DATASET EXCERPTS ▸
+++

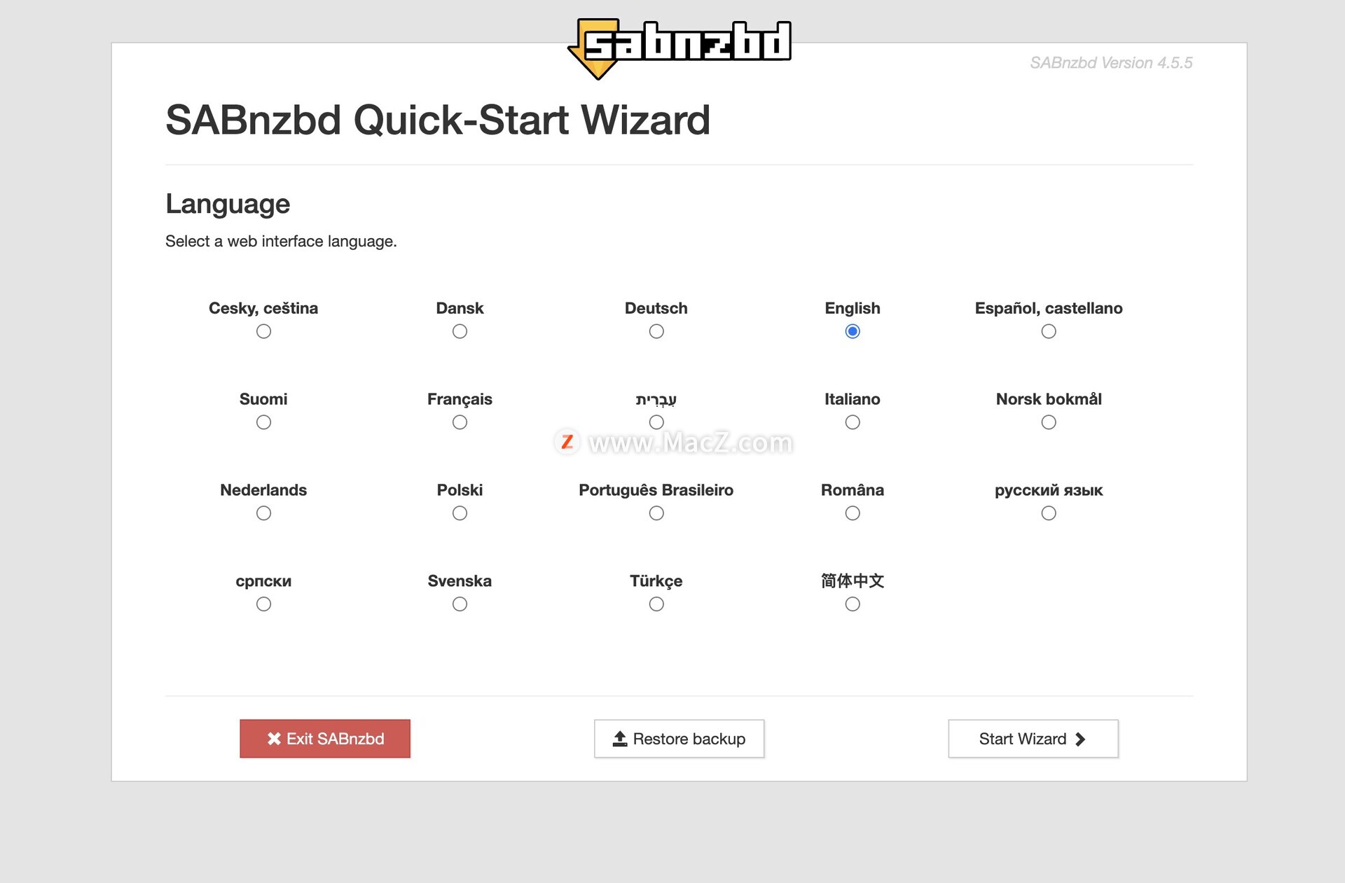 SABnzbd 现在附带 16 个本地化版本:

+++

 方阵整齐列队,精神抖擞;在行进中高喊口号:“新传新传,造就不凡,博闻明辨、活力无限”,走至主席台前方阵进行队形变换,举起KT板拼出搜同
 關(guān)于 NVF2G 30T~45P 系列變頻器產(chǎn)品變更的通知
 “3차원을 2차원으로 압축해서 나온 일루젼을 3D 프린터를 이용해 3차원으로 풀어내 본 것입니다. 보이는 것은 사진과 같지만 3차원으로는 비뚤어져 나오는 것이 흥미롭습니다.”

+++

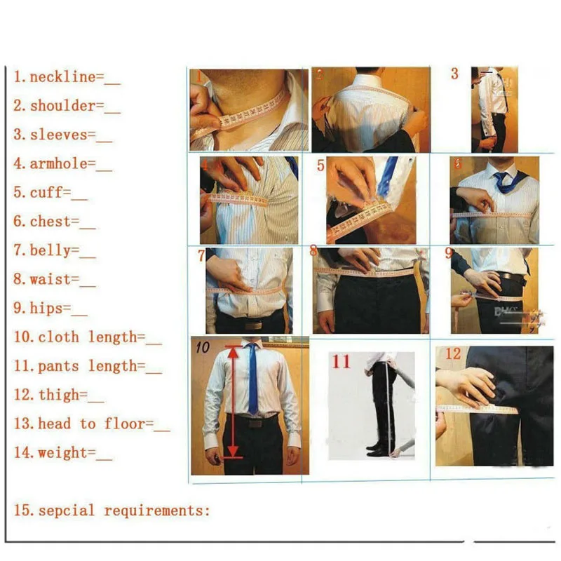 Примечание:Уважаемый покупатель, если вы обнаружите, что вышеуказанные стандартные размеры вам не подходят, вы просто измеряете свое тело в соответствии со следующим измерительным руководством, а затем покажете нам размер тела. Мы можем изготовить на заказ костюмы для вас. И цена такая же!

+++

Begin at the line above that has "關(guān)于 NVF2G 30T~45P 系列變頻器產(chǎn)品變更的通知" and stop after the line that has "2차원으로 압축해서 나온", copying each line exactly and adding nothing else.

COMPLETED TASK ▸
 關(guān)于 NVF2G 30T~45P 系列變頻器產(chǎn)品變更的通知
 “3차원을 2차원으로 압축해서 나온 일루젼을 3D 프린터를 이용해 3차원으로 풀어내 본 것입니다. 보이는 것은 사진과 같지만 3차원으로는 비뚤어져 나오는 것이 흥미롭습니다.”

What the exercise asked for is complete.